◆ **Exercise aim**
Restate, exactly as written, the entries below from the line that holds "HDMI Only. This" through the line that holds "EXCELLENT. This antique". Pictures are not part of the copy.

◆ **Source data**
"""
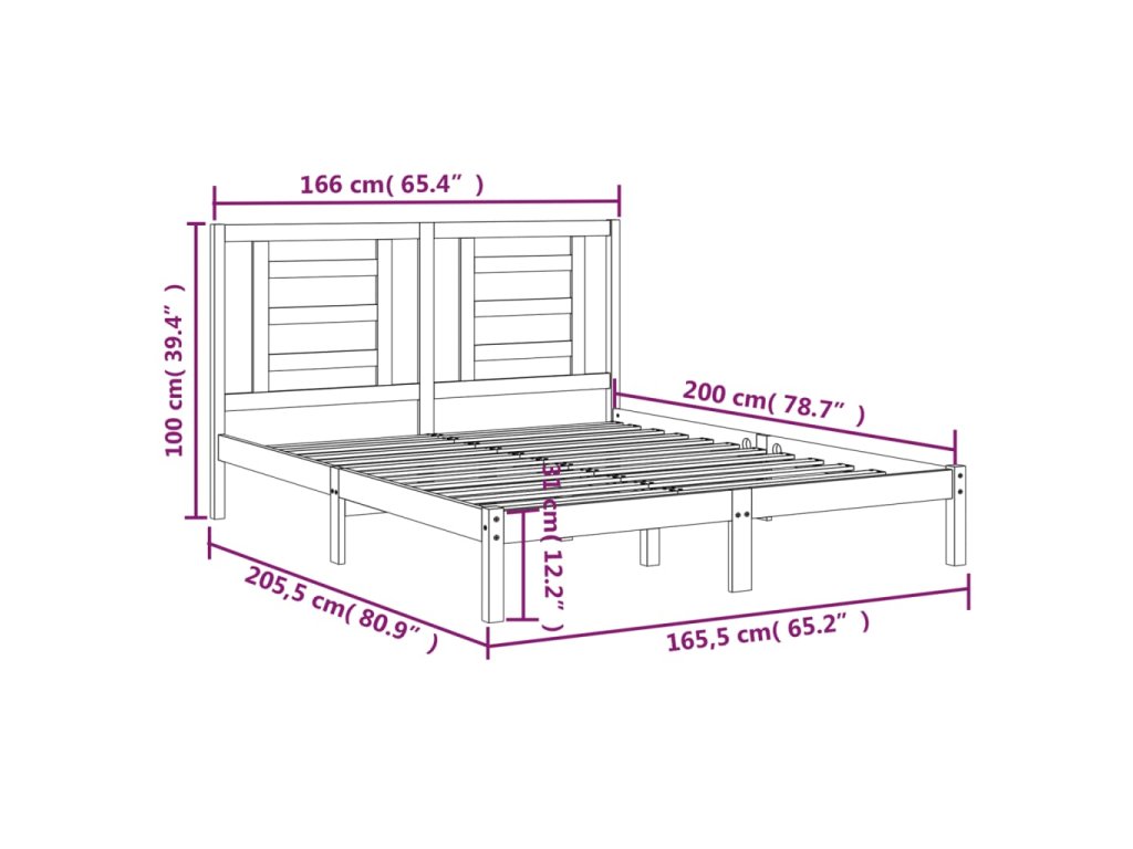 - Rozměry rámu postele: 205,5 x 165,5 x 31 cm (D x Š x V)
"""
"""
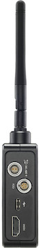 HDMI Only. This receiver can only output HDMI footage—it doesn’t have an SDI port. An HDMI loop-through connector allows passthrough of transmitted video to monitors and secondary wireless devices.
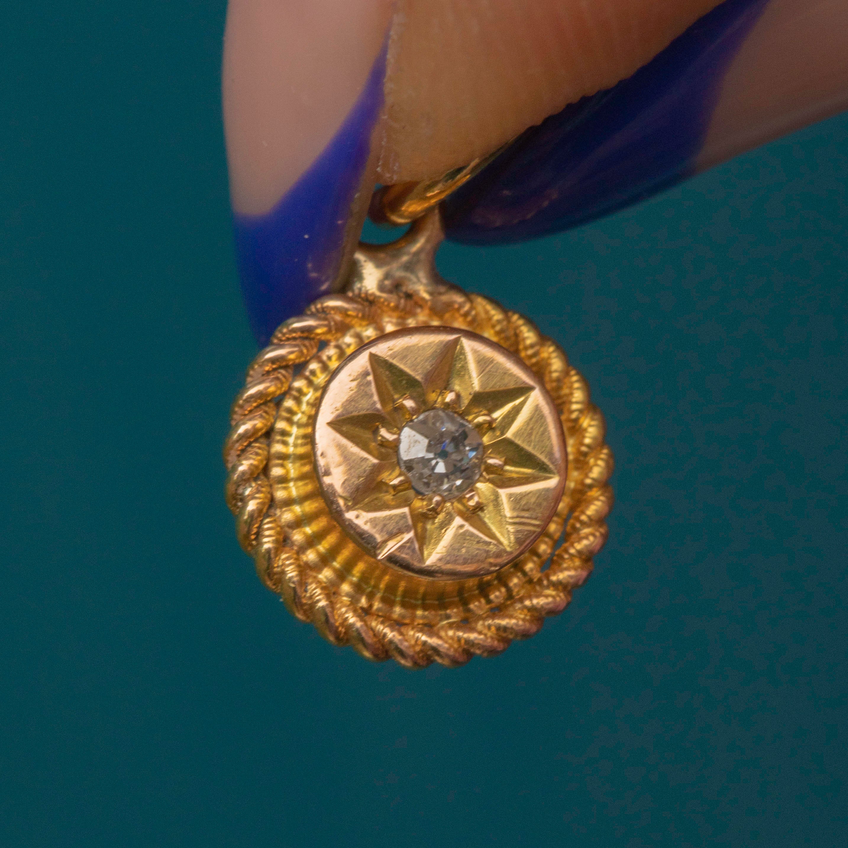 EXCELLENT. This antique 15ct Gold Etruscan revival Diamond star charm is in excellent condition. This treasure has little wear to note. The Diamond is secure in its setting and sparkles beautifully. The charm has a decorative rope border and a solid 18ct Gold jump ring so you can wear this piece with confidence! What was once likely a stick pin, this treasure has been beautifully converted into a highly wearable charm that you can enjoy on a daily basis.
"""
◆ **Solution**
 HDMI Only. This receiver can only output HDMI footage—it doesn’t have an SDI port. An HDMI loop-through connector allows passthrough of transmitted video to monitors and secondary wireless devices.
 EXCELLENT. This antique 15ct Gold Etruscan revival Diamond star charm is in excellent condition. This treasure has little wear to note. The Diamond is secure in its setting and sparkles beautifully. The charm has a decorative rope border and a solid 18ct Gold jump ring so you can wear this piece with confidence! What was once likely a stick pin, this treasure has been beautifully converted into a highly wearable charm that you can enjoy on a daily basis.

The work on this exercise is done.